Hs, states = nn.rnn(nn.rnn_cell.LSTMCell(n_hidden), x; dtype=Float32);
Y_pred = nn.softmax(Hs[end]*W + B)

@show get_shape(Y_obs)
@show get_shape(Y_pred);
get_shape(Y_obs) = TensorShape[256, 10]
get_shape(Y_pred) = 

Finally we define the last few nodes of out network. These are the cost, for purposes of using to define the optimizer; and the accuracy. The cost is defined using the definition of cross-entropy. Right now we have to put it in manually, because TensorFlow.jl has not yet implemented that in as nn.nce_loss (there is just a stub there). So we use this cross-entropy as the cost function for a AdamOptimizer, to make out optimizer node.

We also make a accuracy node for use during reporting. This is done by counting the portion of the outputs Y_pred that match the inputs Y_obs. Using the cast-the-boolean-to-a-float-then-take-it’s-mean trick.

Here, it is worth metioning that nodes in tensorflow that are not between the supplied input and the requested output are not evaluated. This means that if one does run(sess, [optimizer], Dict(X=>xs, Y_obs=>ys)) then the accuracy node will never be evaluated. It does not need to be evaluated to get the optimizer node (but cost, does). We will run the network in the next step

In [8]:

cost = reduce_mean(-reduce_sum(Y_obs.*log(Y_pred), reduction_indices=[1])) #cross entropy
@show get_shape(Y_obs.*log(Y_pred))
@show get_shape(cost) #Should be [] as it should be a scalar

optimizer = train.minimize(train.AdamOptimizer(learning_rate), cost)
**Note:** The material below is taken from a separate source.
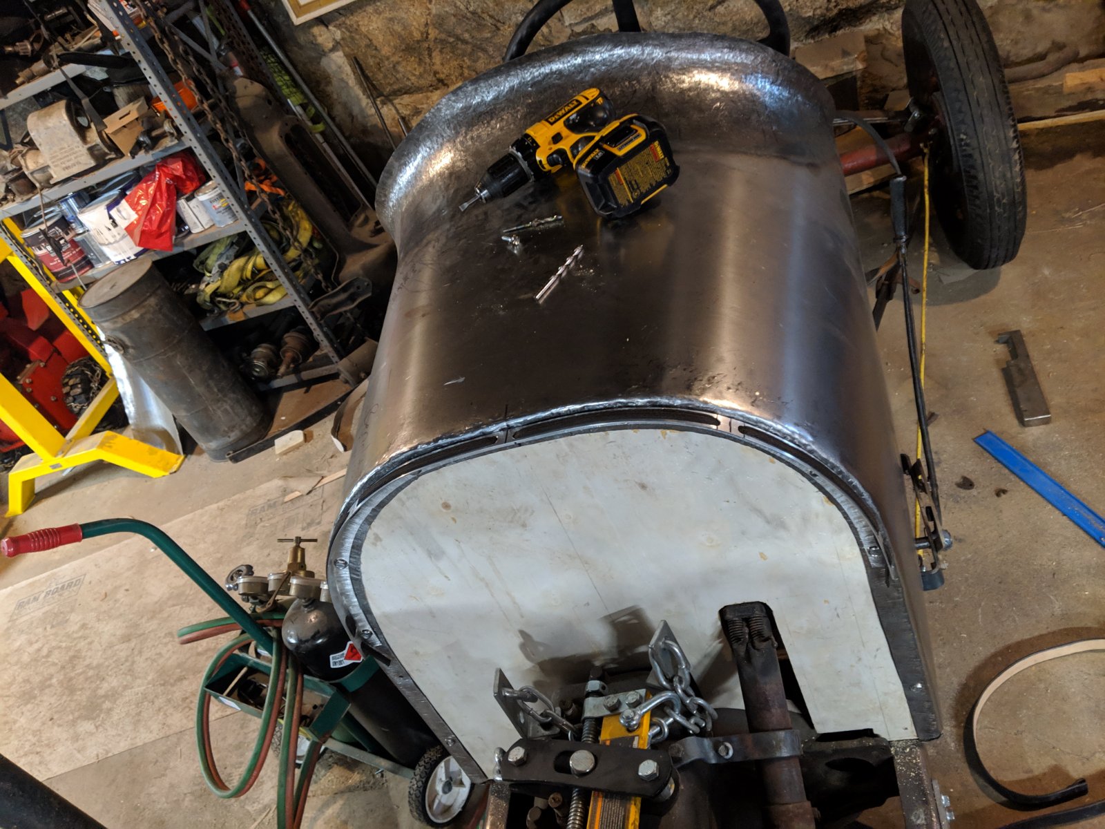 I then began working on the fuel system. The gentleman who builds the reproduction T tanks made me a custom one which is 3" narrower and sits behind the seat nicely. I then got a fuel fill adapter which threads into the tank, a fuel coupling, some t radiator hose clamps, a brass pipe, and a cool old brass flip top filler and created the filler neck. I used a harbor freight hydraulic knock out punch to put a perfectly round hole in the body. I also soldered the filler cap on because the tank will be pressurized.

correct_prediction = indmax(Y_obs, 2) .== indmax(Y_pred, 2)
@show get_shape(correct_prediction)
accuracy = reduce_mean(cast(correct_prediction, Float32));
get_shape(Y_obs .* log(Y_pred)) = TensorShape[256, 10]
get_shape(cost) = TensorShape[]
get_shape(correct_prediction) = TensorShape[unknown]
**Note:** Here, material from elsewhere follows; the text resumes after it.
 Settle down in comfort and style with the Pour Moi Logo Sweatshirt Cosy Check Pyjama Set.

Finally we can run our training. So we go through a zip of traindata and trainlabels we prepared earlier, run the optimizer on each. and periodically check the accuracy of that last batch to give status updates. It is all very nice.

In [9]:

run(sess, initialize_all_variables())

kk=0
for jj in 1:training_iters
    for (xs, ys) in prepared_batchs(traindata_raw, trainlabels_raw)
        run(sess, optimizer,  Dict(X=>xs, Y_obs=>ys))
        kk+=1
        if kk % display_step == 1
            train_accuracy, train_cost = run(sess, [accuracy, cost], Dict(X=>xs, Y_obs=>ys))
            info("step $(kk*batch_size), loss = $(train_cost),  accuracy $(train_accuracy)")
        end
    end
end
INFO: The specified values for size and/or count will result in 96 unused data points
INFO: step 256, loss = 62.497936,  accuracy 0.1171875
INFO: step 25856, loss = 29.325878,  accuracy 0.6640625
INFO: step 51456, loss = 15.46171,  accuracy 0.7890625

Finally we check how we are going on the test data. However, as all our nodes have been defined in terms of batch_size, we are going to need to process the test data in minibatches also. I feel like these should be a cleaner way to do this that that.

This is a chance to show of the awesomeness that is ProgressMeter.jl @show_progess. This displace a unicode-art progress bar, marking progress through the iteration. Very neat.

In [10]:

batch_accuracies = []
@showprogress for (ii, (xs, ys)) in enumerate(prepared_batchs(MNIST.testdata()...))
    batch_accuracy = run(sess, accuracy, Dict(X=>xs, Y_obs=>ys))
    #info("step $(ii),   accuracy $(batch_accuracy )")
    push!(batch_accuracies, batch_accuracy)
end
@show mean(batch_accuracies) #Mean of means of consistantly sized batchs is the overall mean
INFO: The specified values for size and/or count will result in 16 unused data points
Progress: 100%|█████████████████████████████████████████| Time: 0:00:05
mean(batch_accuracies) = 0.89903843f0
None

90% accuracy, not bad for an unoptimised network – particularly one as unsuited to the tast as LSTM. I hope this introduction the JuliaML and TensorFlow has been enlightening. There is lots of information about TensorFlow online, though to unstand the julia wrapper I had to look at the source-code more ofthen than the its docs. But that will get better with maturity, and the docs line up the the Python API quiet well a lot of the time. The docs for the new version of MLDataUtils are still being finished off (that is the main blocker on it being merged as I understand it). Hopefully tuitorials like this lets you see how these all fit together to do something useful.